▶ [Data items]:
====
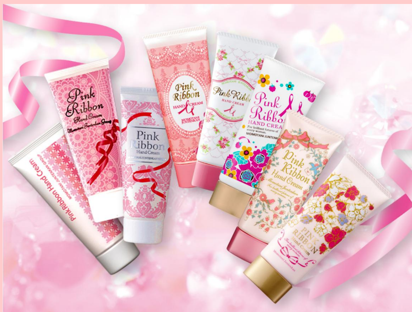
桃谷順天館 歴代8種類のハンドクリーム

毎年デザインと処方を変え、自社でオリジナルの「ピンクリボンハンドクリーム」を企画してきました。収益金はピンクリボン団体へ寄付しており、「寄付になるのなら！」と関心をお持ちいただく方が多くいらっしゃいます。プロジェクトメンバーが中身、香り、デザイン1つひとつこだわりぬいた、数量限定の特別なハンドクリームです。原料選びからすべての製作工程に対して誠実に、丁寧に、そして真心を込めてつくっています。
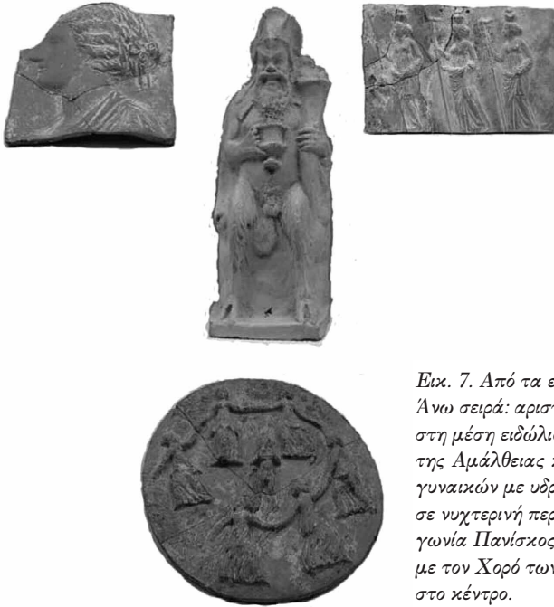
Εικ. 7. Από τα ευρήματα της Μελισσάνης. Άνω σειρά: αριστερά κεφαλή Νύμφης, στη μέση ειδώλιο του Πάνα με το κέρασ της Αμάλθειας και δεξιά ακολουθία γυναικών με υδρίες στο κεφάλι και δάδες σε νυχτερινή περιπλάνηση. Στην αριστερή γωνία Πανίσκος. Κάτω: ο πήλινος δίσκος με τον Χορό των Νυμφών και Πανίσκο στο κέντρο.

νό, που είχε συσσωρευθεί από τα περιττώματα των νυχτερίδων του σπηλαίου (εικ. 7).
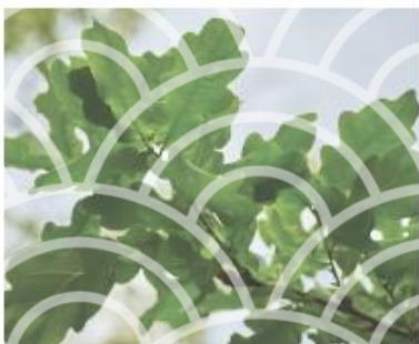
Skogsek, Lämpliga som solitär
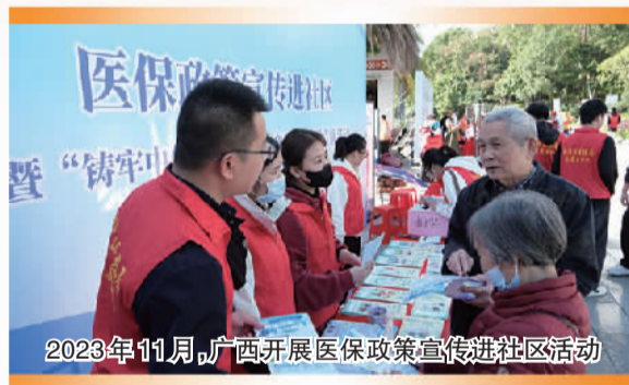
2023年11月,广西开展医保政策宣传进社区活动

广西壮族自治区医疗保障局自2018年挂牌成立以来,聚焦夯实民生基础,不断健全多层次医疗保障制度体系,深化医药卫生体制改革,优化医保公共管理服务,重实效、强落实、抓落地,奋力推进医疗保障事业高质量发展。
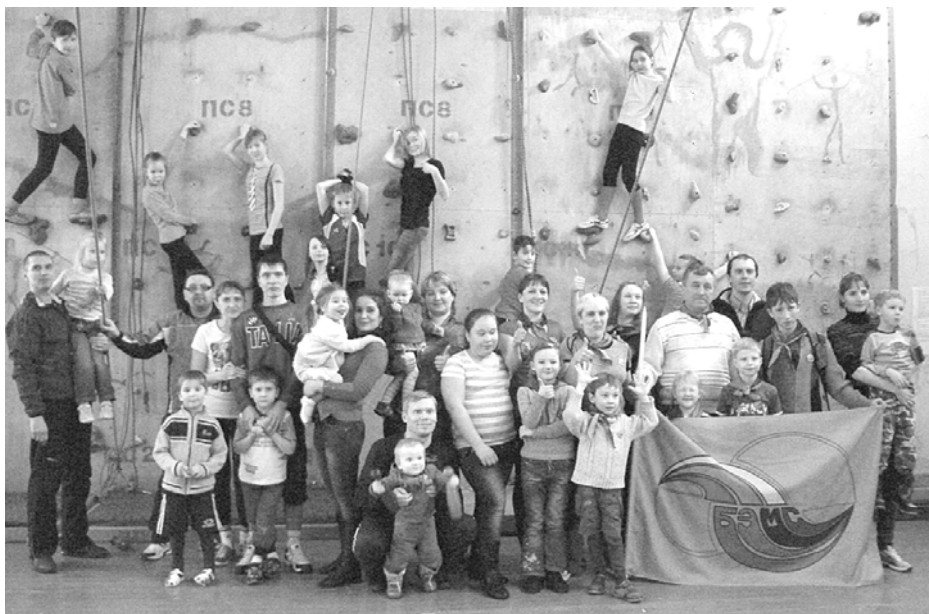
Семейный клуб станет проводить занятия в бouldеринговом зале.

В результате реализации лукойловского проекта на базе станции была создана новая коммуникатив-
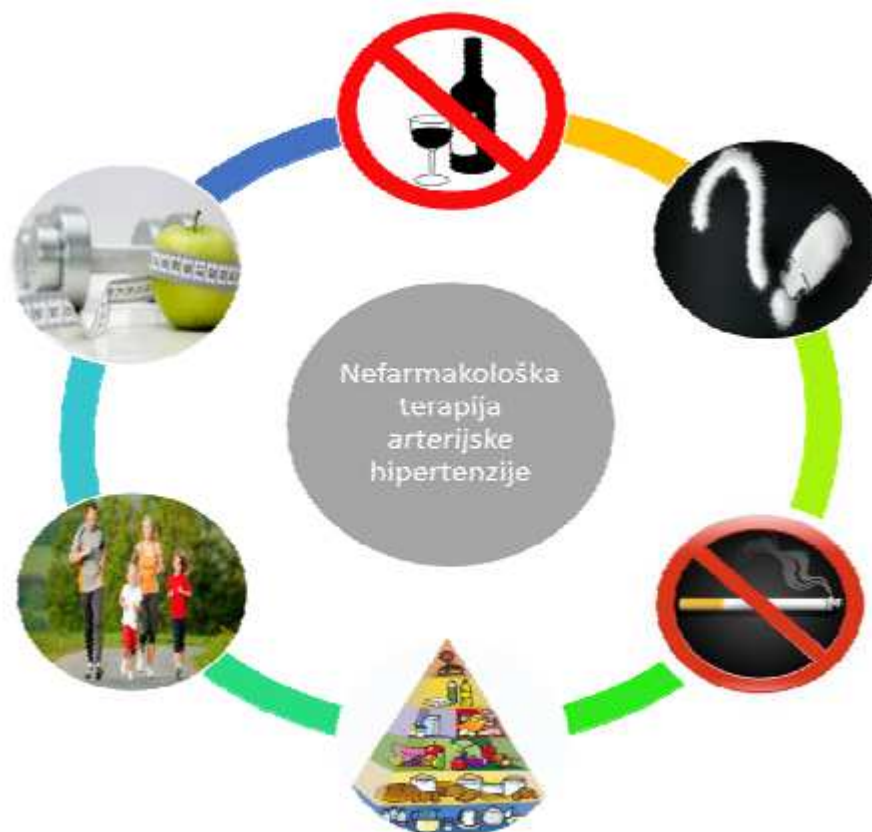
Slika 3. Preporuka liječnika
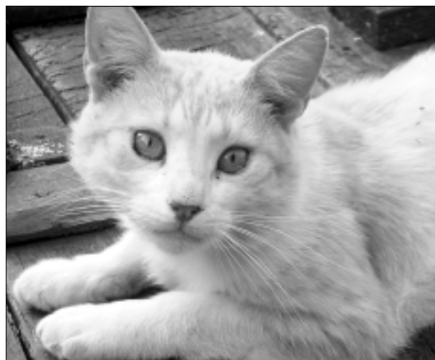
Ko vēlaties? Iesūtīja Elmārs Zelčs.

Katra mēneša labākās fotogrāfijas autors saņems balvu. Fotogrāfijas var iesūtīt pa pastu - Balvi, Teātra ielā 8, LV-4501, vai elektroniski - vaduguns@apollo.lv. Pie foto obligāti norādāms vārds, uzvārds (vēlams - tālrunis).
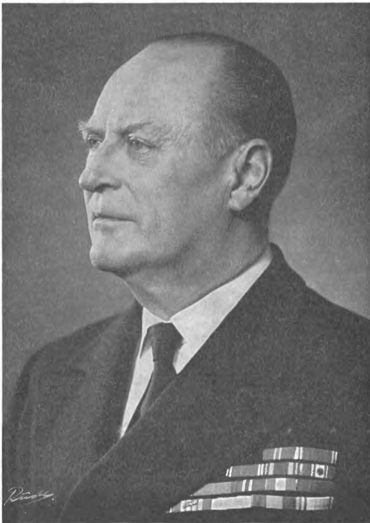
H. M. KONG OLAV V

Det norske jord- og myrselskaps høye beskytter.
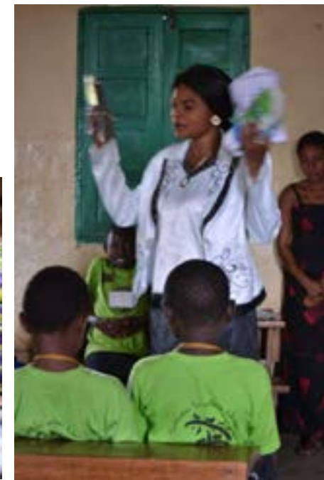
Distintos momentos de la terapia grupal con las niñas víctimas de violencia

En 2016 Coopera ha continuado con este programa especializado en víctimas de violencia sexual dirigido a menores de entre 2 y 17 años, que comenzó en 2014. El programa incluye el seguimiento médico en las zonas donde habitan las víctimas hasta un año después del incidente. Para ello contamos con la colaboración del Hospital y la Fundación Panzi. En el marco del programa, las menores afectadas son incluidas en Terapias Grupales Psicológicas con niñas de su misma edad, mientras que la familia de la afectada también es atendida en un programa apoyo psicosocial. Otras medidas que incluye el programa de Coopera es el derecho a la escolarización o formación profesional durante un mínimo de tres años y al apoyo jurídico gratuito gracias a la colaboración de la Policía Nacional de Congo, asociaciones locales y los Departamentos Jurídicos de Panzi y Naciones Unidas. Al mismo tiempo que se atiende a las víctimas, se realizan programas de prevención y sensibilización en las zonas y entre las comunidades donde son agredidas.
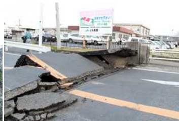
橋と道路の接続部が破損し通行規制
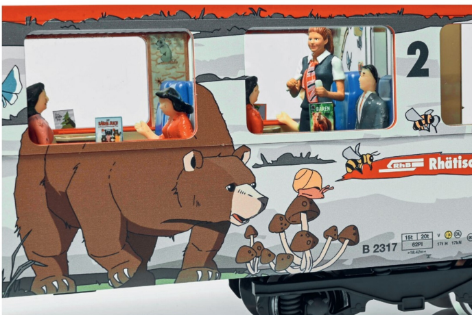
Auch die Bärenbücher finden an Bord des Wagens wie beim Vorbild ihren Platz am Fenster.
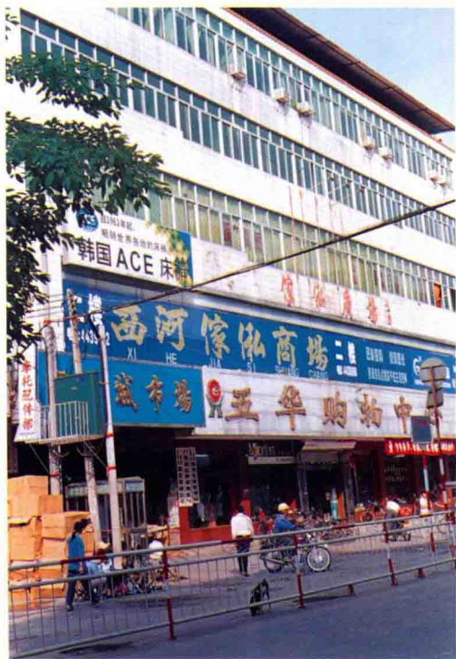
五华县商业局大楼
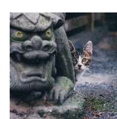
にゃん川清 (CV: 前川清)
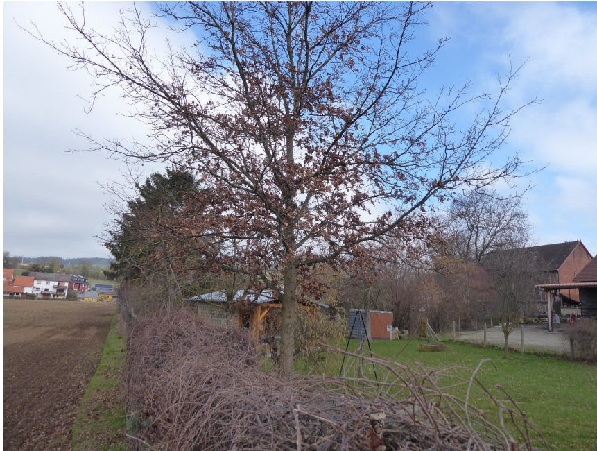
Abb. 3: Geplantes Baugrundstück

Der Geltungsbereich der Satzung wird derzeit als Garten mit großenteils intensiven Rasenflächen genutzt. Auf der Fläche befindet sich eine alte Eiche, die erhalten werden muss. Weiterhin befinden sich dort einige jüngere Gehölze (Hainbuche, Eiche, Kirsche), die ebenfalls erhalten oder auf dem Flurstück umgesetzt werden sollen.
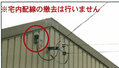
(保安器:屋外撤去工事)
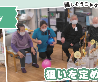
狙いを定めて的倒す 新ゲーム！
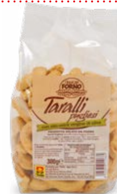
TARALLI PUGLIESI 300 g - € 4,30 al kg
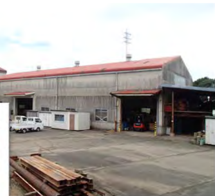
菊池機材センター外観
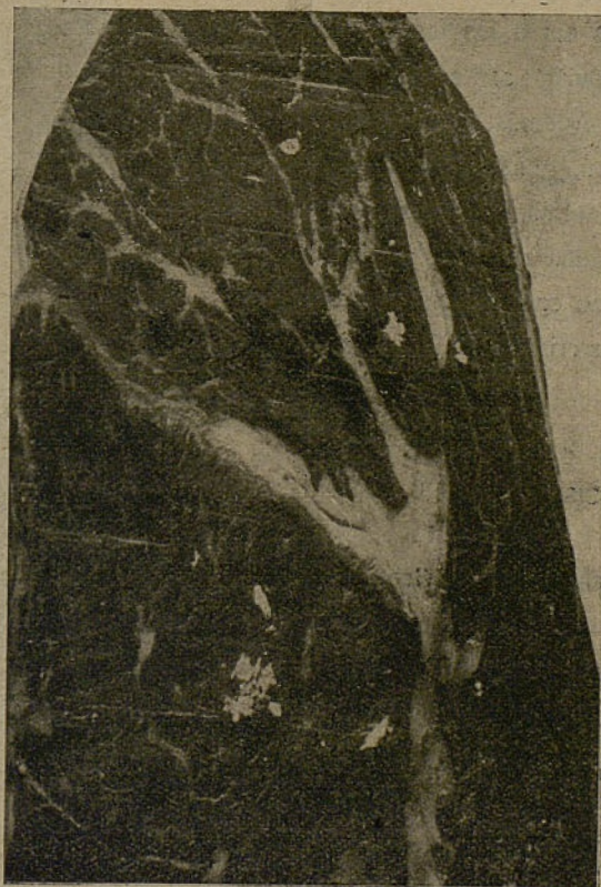
Fig. 1. a —Muestra de jamón serrano con pintas de tirosina; las manchas blancas irregulares se destacan perfectamente del tejido graso interfascicular.

Cuando la calcificación afecta sólo a la membrana de envoltura es fácil poner en evidencia la cápsula y el parásito, con sólo adicionar algunas gotas de ácido acético o clorhídrico diluido. En estas condiciones, la forma alargada de las concreciones calcáreas y sus dimensiones, que no pueden exceder de medio a un centímetro, su situación en el interior de las fibras musculares y la presencia de tejidos adiposos en los dos polos, son señales que permiten suponer la triquinosis (fig. 2. a ).
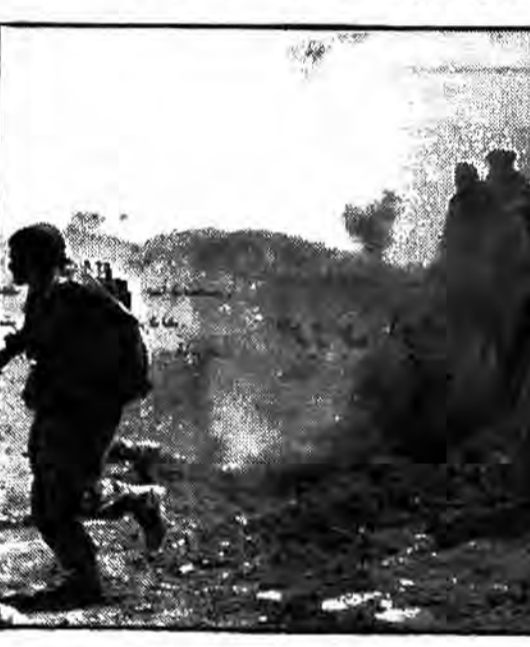
عملیاتی مجبور برادر شدند دشمن بزرگ دادگاه حمایت خود طی ۲۴ ساعت روز دوشنبه...
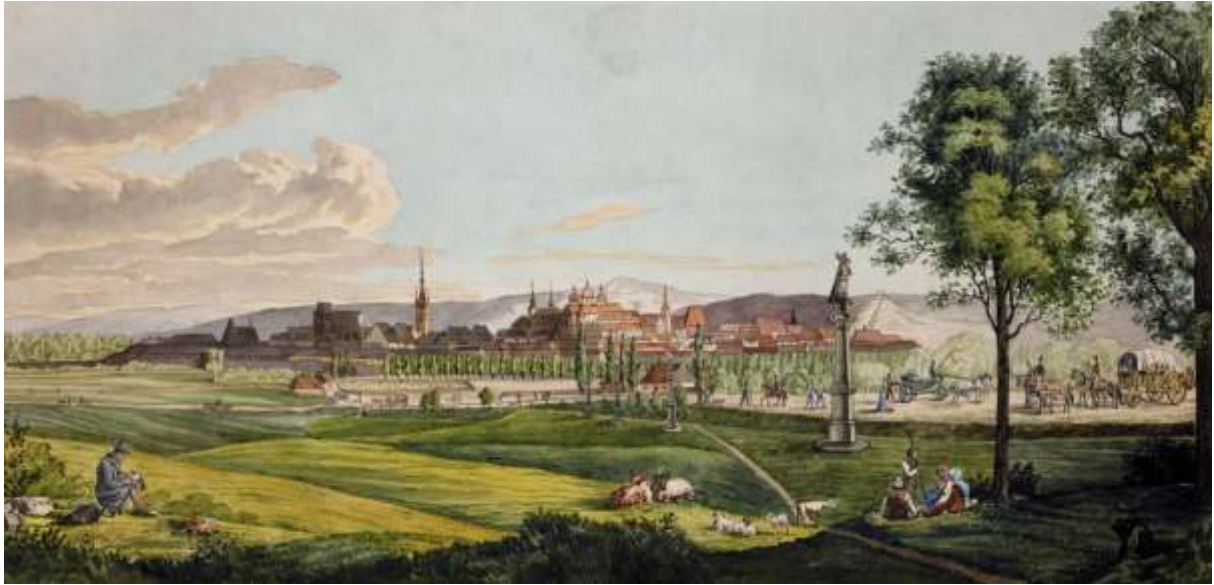
Akvarel Jakoba Hyrtla z roku 1835, uložený ve sbírkách Vlastivědného muzea v Olomouci, inv. č. O-144, rozměry: 43,5 x 21 cm

Kalvárii, která stála patrně až u Křížového pramene 8 , Jakub Hyrtl na svém akvarelu nezachytil.
====
▶ [Action item]: Pictures don't belong in the copy. Restate all the entries exactly.

▶ [Response below]:
桃谷順天館 歴代8種類のハンドクリーム

毎年デザインと処方を変え、自社でオリジナルの「ピンクリボンハンドクリーム」を企画してきました。収益金はピンクリボン団体へ寄付しており、「寄付になるのなら！」と関心をお持ちいただく方が多くいらっしゃいます。プロジェクトメンバーが中身、香り、デザイン1つひとつこだわりぬいた、数量限定の特別なハンドクリームです。原料選びからすべての製作工程に対して誠実に、丁寧に、そして真心を込めてつくっています。
Εικ. 7. Από τα ευρήματα της Μελισσάνης. Άνω σειρά: αριστερά κεφαλή Νύμφης, στη μέση ειδώλιο του Πάνα με το κέρασ της Αμάλθειας και δεξιά ακολουθία γυναικών με υδρίες στο κεφάλι και δάδες σε νυχτερινή περιπλάνηση. Στην αριστερή γωνία Πανίσκος. Κάτω: ο πήλινος δίσκος με τον Χορό των Νυμφών και Πανίσκο στο κέντρο.

νό, που είχε συσσωρευθεί από τα περιττώματα των νυχτερίδων του σπηλαίου (εικ. 7).
Skogsek, Lämpliga som solitär
2023年11月,广西开展医保政策宣传进社区活动

广西壮族自治区医疗保障局自2018年挂牌成立以来,聚焦夯实民生基础,不断健全多层次医疗保障制度体系,深化医药卫生体制改革,优化医保公共管理服务,重实效、强落实、抓落地,奋力推进医疗保障事业高质量发展。
Семейный клуб станет проводить занятия в бouldеринговом зале.

В результате реализации лукойловского проекта на базе станции была создана новая коммуникатив-
Slika 3. Preporuka liječnika
Ko vēlaties? Iesūtīja Elmārs Zelčs.

Katra mēneša labākās fotogrāfijas autors saņems balvu. Fotogrāfijas var iesūtīt pa pastu - Balvi, Teātra ielā 8, LV-4501, vai elektroniski - vaduguns@apollo.lv. Pie foto obligāti norādāms vārds, uzvārds (vēlams - tālrunis).
H. M. KONG OLAV V

Det norske jord- og myrselskaps høye beskytter.
Distintos momentos de la terapia grupal con las niñas víctimas de violencia

En 2016 Coopera ha continuado con este programa especializado en víctimas de violencia sexual dirigido a menores de entre 2 y 17 años, que comenzó en 2014. El programa incluye el seguimiento médico en las zonas donde habitan las víctimas hasta un año después del incidente. Para ello contamos con la colaboración del Hospital y la Fundación Panzi. En el marco del programa, las menores afectadas son incluidas en Terapias Grupales Psicológicas con niñas de su misma edad, mientras que la familia de la afectada también es atendida en un programa apoyo psicosocial. Otras medidas que incluye el programa de Coopera es el derecho a la escolarización o formación profesional durante un mínimo de tres años y al apoyo jurídico gratuito gracias a la colaboración de la Policía Nacional de Congo, asociaciones locales y los Departamentos Jurídicos de Panzi y Naciones Unidas. Al mismo tiempo que se atiende a las víctimas, se realizan programas de prevención y sensibilización en las zonas y entre las comunidades donde son agredidas.
橋と道路の接続部が破損し通行規制
Auch die Bärenbücher finden an Bord des Wagens wie beim Vorbild ihren Platz am Fenster.
五华县商业局大楼
にゃん川清 (CV: 前川清)
Abb. 3: Geplantes Baugrundstück

Der Geltungsbereich der Satzung wird derzeit als Garten mit großenteils intensiven Rasenflächen genutzt. Auf der Fläche befindet sich eine alte Eiche, die erhalten werden muss. Weiterhin befinden sich dort einige jüngere Gehölze (Hainbuche, Eiche, Kirsche), die ebenfalls erhalten oder auf dem Flurstück umgesetzt werden sollen.
(保安器:屋外撤去工事)
狙いを定めて的倒す 新ゲーム！
TARALLI PUGLIESI 300 g - € 4,30 al kg
菊池機材センター外観
Fig. 1. a —Muestra de jamón serrano con pintas de tirosina; las manchas blancas irregulares se destacan perfectamente del tejido graso interfascicular.

Cuando la calcificación afecta sólo a la membrana de envoltura es fácil poner en evidencia la cápsula y el parásito, con sólo adicionar algunas gotas de ácido acético o clorhídrico diluido. En estas condiciones, la forma alargada de las concreciones calcáreas y sus dimensiones, que no pueden exceder de medio a un centímetro, su situación en el interior de las fibras musculares y la presencia de tejidos adiposos en los dos polos, son señales que permiten suponer la triquinosis (fig. 2. a ).
عملیاتی مجبور برادر شدند دشمن بزرگ دادگاه حمایت خود طی ۲۴ ساعت روز دوشنبه...
Akvarel Jakoba Hyrtla z roku 1835, uložený ve sbírkách Vlastivědného muzea v Olomouci, inv. č. O-144, rozměry: 43,5 x 21 cm

Kalvárii, která stála patrně až u Křížového pramene 8 , Jakub Hyrtl na svém akvarelu nezachytil.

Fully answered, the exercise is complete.